Lab 5

Question 1

Lowest density of trees: column 3, row 2. 2nd Lowest density of trees: column 2, row 2.

Question 2

0.022

Question 3

mytess <- hextess(bei, 10)
Q <- quadratcount(bei, tess=mytess)
plot(bei, cex=0.5, pch="+")
plot(Q, add=TRUE, cex=1)

0 density value is the lowest in some of the hexagons for tessalation of side length 10.

Q2 <- quadrat.test(bei, tess = mytess) 

## Warning: Some expected counts are small; chi^2 approximation may be inaccurate

Q2

## 
##  Chi-squared test of CSR using quadrat counts
## 
## data:  bei
## X2 = 12836, df = 1976, p-value < 2.2e-16
## alternative hypothesis: two.sided
## 
## Quadrats: 1977 tiles (irregular windows)

The P-value =2.2e-16. There is no clear evidence to reject the null hypothesis of CSR here, as the p-value is very, very small and much below 0.05.

Question 4

slope <- bei.extra$grad
elev <- bei.extra$elev

b <- quantile(slope, probs = (0:5)/5)
slopecut <- cut(slope, breaks=b, labels=1:5)
V <- tess(image = slopecut)
quadcount <- quadratcount(bei, tess=V)
plot(quadcount)

b2 <- quantile(elev, probs = (0:5)/5)
elevcut <- cut(elev, breaks=b2, labels=1:5)
V2 <- tess(image = elevcut)
quadcount2 <- quadratcount(bei, tess=V2)
plot(quadcount2)

Question 5

0% - 119.81 20% - 138.15 40% - 142.40 60% - 146.27 80% - 151.98 100% - 159.48

Question 6

1 - 210 2 - 654 3 - 762 4 - 911 5 - 1067

Question 7

The p-values for both elevation and slope from the quintile quadrat test are 2.2e-16. However, the Chi-squared value for slope is 587, where as for elevation it is 567. This means that elevation only slighty better explains the non-random distribution of points than slope does.

Question 8

The dashed line represents the theoretical/predicted distribution of bei trees expected under complete spatial randomness, therefore, no example for the covariate.

Question 9

The plot on the whole suggests that as the slope gradient increases, the probability of bei trees existing increases slightly too.

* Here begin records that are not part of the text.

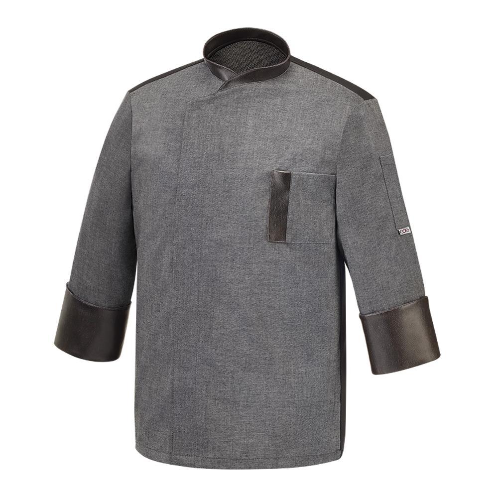 Kuharski jopič linije Jocker v sivi barvi in rjavimi vstavki iz eko usnja. Kuharski jopič ima gumbe na pritisk ter inovativno tehnologijo Air plus za ohranjanje hladnejše hrbtne strani. Linija Jocker je proizvedena iz optimalne mešanice poliestra (65%) in bombaža (35%), razmerje, ki bo zagotavljalo dolgotrajno vzdržljivost a hkrati prijetnejši občutek ob nošenju ter lahkotnost.
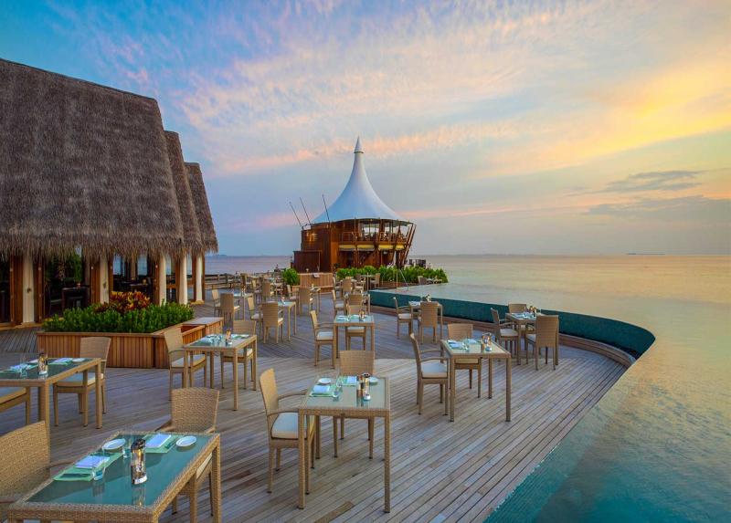 Poseduje 3 restorana: Lime Restaurant – indijska i međunarodna kuhinja, Cayenne Grill – indijska, japanska, singapurska, azijska, loklana, pica, morski plodovi, suši, roštilj, stejkhaus i The Lighthouse Restaurant – mediteranska, međunardona, evropska. Može se organizovati i privatna večera u vili, na izolovanom peščanom sprudu ili terasi iznad lagune. Bar Sailors nudi pića pod palmama tokom celog dana, a tu je i salon za večernje koktele i cigare, iz kojeg se pruža pogled na more.
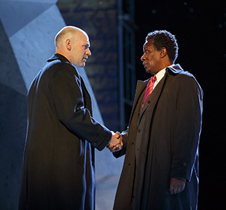 And, with a backdrop of the Capitol and blowups of Lincoln and Washington and the preamble to the Constitution – “We the people…..” — members of the Senate, led by Brutus and Cassius (the always brilliant John Douglas Thompson), plot to kill him to prevent a dictatorship.
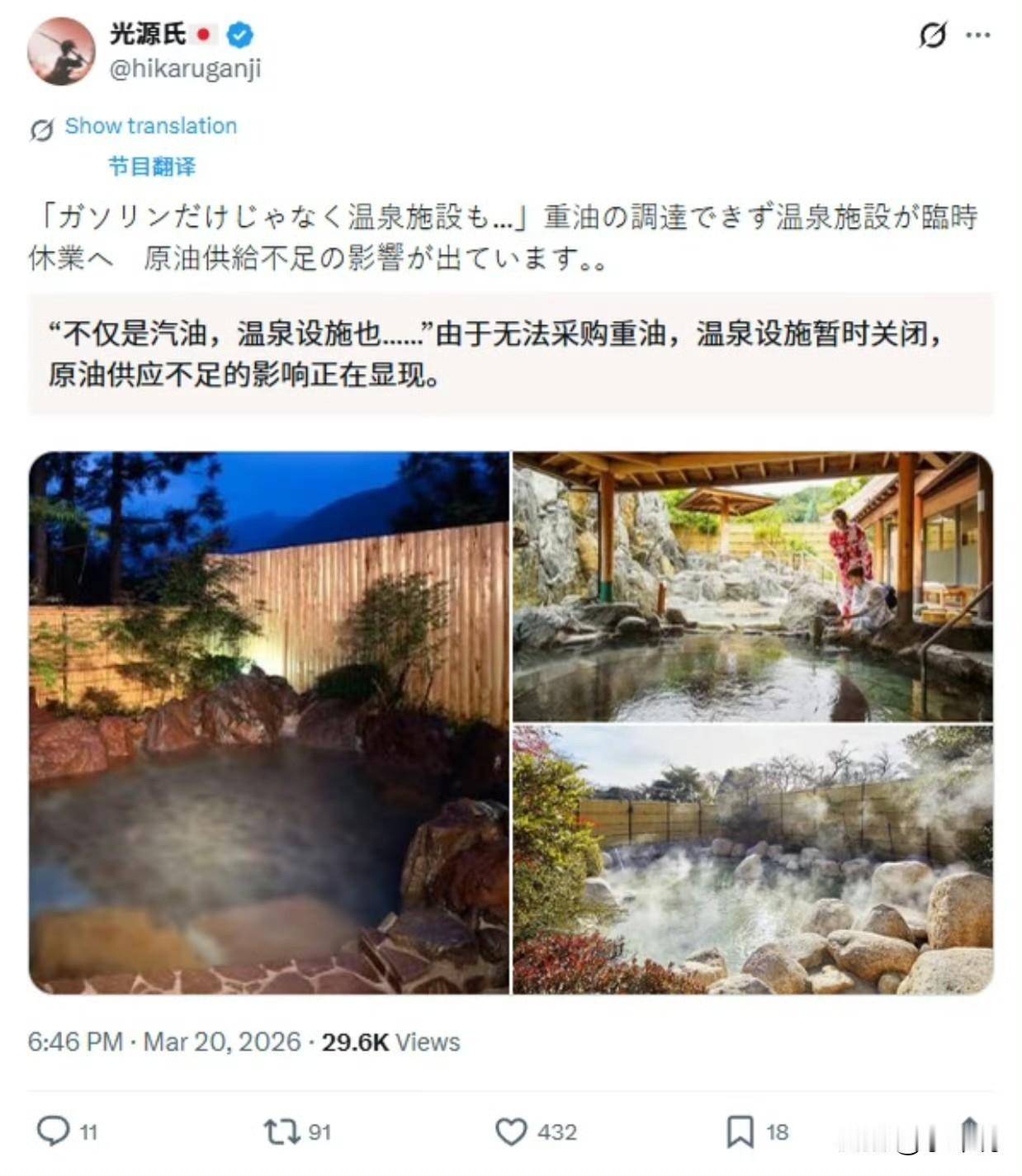 受美伊以战争影响,日本原油进口量不足,作为原油加工副产品的重油供应严重紧张。日本很多温泉需要依靠重油锅炉加热温泉水! 以前我一直还以为小日本的温泉是天然的!原来也是烧锅炉的!就怕是循环的老汤不消毒的军团菌爆表的那种! 想起个郭德纲相声,正洗着温泉呢听见“嘭”一声,过一会大家都从温泉出来了,锅炉炸了

However, there is some variance in this pattern as from a slope gradient of 17% to 25%, the probability of bei trees decreases. The probability of bei trees then increases again until 31% gradient where it drops off significantly. Beyond this slope gradient, no trees will be found as it is too steep, presumably for soil to hold and for a tree to grow.

Question 10

In this model, the significant variables are slope, and the interaction between slope and elevation, whereas the elevation by itself is not a significant variable.

Question 11

The coefficients obtained from the ppm and slrm models are very similar on the whole. Their intercepts are -4.40 and -4.33, so very similar base starting point on a graph. The slope(gradient) is also similar being -36.50 and -36.30, meaning that they both have almost identical negative relationships. The elevation is -0.0070 for ppm and -0.0099 for slrm, so also similar, although slrm is slightly more negative. Finally, the interaction is 0.2928 for ppm and 0.3035 for slrm, indicating an agreement that as elevation increases so does the slope’s positive impact on bei trees.

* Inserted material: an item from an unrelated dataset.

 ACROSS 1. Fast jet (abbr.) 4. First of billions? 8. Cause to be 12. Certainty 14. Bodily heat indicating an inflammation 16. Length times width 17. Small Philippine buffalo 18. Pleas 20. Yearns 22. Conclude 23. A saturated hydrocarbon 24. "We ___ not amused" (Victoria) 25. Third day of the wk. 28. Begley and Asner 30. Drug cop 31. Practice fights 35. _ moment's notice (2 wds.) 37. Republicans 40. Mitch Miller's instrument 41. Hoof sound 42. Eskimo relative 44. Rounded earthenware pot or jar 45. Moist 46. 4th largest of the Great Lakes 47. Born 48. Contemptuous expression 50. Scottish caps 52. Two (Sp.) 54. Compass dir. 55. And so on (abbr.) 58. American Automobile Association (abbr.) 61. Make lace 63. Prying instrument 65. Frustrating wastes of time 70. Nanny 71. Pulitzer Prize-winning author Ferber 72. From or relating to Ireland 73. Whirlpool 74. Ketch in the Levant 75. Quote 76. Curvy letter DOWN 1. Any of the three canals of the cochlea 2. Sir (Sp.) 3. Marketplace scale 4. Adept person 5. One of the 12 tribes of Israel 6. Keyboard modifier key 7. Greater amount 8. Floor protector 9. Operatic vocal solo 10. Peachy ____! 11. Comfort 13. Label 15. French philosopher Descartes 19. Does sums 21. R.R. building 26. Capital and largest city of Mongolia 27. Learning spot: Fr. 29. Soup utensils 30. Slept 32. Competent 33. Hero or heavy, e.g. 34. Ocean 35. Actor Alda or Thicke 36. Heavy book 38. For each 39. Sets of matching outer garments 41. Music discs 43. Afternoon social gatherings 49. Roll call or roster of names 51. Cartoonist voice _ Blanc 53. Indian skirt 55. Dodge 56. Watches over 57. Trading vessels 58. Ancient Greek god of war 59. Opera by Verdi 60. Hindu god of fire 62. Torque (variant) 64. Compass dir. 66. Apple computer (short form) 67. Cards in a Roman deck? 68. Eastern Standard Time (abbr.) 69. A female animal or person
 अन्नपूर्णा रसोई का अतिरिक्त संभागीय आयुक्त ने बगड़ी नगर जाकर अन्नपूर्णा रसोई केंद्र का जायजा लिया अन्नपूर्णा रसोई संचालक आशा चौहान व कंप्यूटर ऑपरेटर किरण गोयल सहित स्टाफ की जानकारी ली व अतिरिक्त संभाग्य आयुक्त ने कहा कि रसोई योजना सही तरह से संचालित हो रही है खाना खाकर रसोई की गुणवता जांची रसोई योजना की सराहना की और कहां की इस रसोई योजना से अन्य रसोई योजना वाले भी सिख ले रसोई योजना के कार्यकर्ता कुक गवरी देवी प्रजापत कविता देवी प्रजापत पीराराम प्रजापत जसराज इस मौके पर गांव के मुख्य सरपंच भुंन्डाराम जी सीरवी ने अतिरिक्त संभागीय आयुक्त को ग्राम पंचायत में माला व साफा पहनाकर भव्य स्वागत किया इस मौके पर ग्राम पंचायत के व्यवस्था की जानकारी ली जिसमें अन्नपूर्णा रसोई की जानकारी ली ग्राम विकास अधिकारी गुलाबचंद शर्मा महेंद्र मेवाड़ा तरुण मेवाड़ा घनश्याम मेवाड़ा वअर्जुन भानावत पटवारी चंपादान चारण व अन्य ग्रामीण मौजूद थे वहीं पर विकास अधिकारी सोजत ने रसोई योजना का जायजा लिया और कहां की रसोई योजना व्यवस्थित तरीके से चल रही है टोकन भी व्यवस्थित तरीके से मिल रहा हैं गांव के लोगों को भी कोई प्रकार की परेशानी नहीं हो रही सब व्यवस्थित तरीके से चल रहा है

The significance tests show the same results, although slrm is a slightly lower z-value than with ppm.

Question 12

150 points

Question 13

There is strong evidence for non-random distribution as the p-value is 2.2e-16. This means there is an extremely low chance the distribution was caused by CSR. Primary vegetation has the most number of nests with 120.

Question 14

The null hypothesis of CSR is not rejected as the p-value is 0.8109, meaning that there was a 81% chance that the observed distribution of nests by slopetype is given CSR. The slope type with the highest number of nests is Ridge with 58.

Question 15

The p-value from the quadrat test for slope is 0.03356, meaning that the null hypothesis of CSR is rejected as it is smaller than 0.05. There is only a 3.4% chance of the observed distribution of nests across slope angle coming from random distribution.

The p-value from the quadrat test for elevation is less than 2.2e-16. From this can confidently reject the null hypothesis of CSR as it is lower than 0.05.

Question 16

gor_subset <- gorillas[marks(gorillas)$group == "major" &
                         marks(gorillas)$season == "dry", ]
gor_model <- slrm(gor_subset ~ slopeangle*elevation, data=gorillas.extra)
summary(gor_model)

## Fitted spatial logistic regression model
## Call:    [1] "slrm(gor_subset ~ slopeangle * elevation, data = gorillas.extra)"
## Formula: gor_subset ~ slopeangle * elevation
## Fitted coefficients: 
##                           Estimate         S.E.       CI95.lo       CI95.hi
## (Intercept)          -2.880176e+01 2.879526e+00 -3.444553e+01 -2.315799e+01
## slopeangle            2.372978e-01 1.070725e-01  2.743948e-02  4.471561e-01
## elevation             9.322878e-03 1.531920e-03  6.320370e-03  1.232539e-02
## slopeangle:elevation -1.236946e-04 5.802943e-05 -2.374302e-04 -9.958982e-06
##                      Ztest       Zval
## (Intercept)            *** -10.002255
## slopeangle               *   2.216234
## elevation              ***   6.085747
## slopeangle:elevation     *  -2.131584

plot(gor_model)

The coefficients of these results illustrate that as as slope angle increases, the likelihood of nest sites occurring increases. This coefficient is 2.37. However, elevation has an even greater postive effect, where as elevation increases, the likelihood of nest sites occurring increases by an larger amount than with slope. This is evident through its coefficient being 9.32.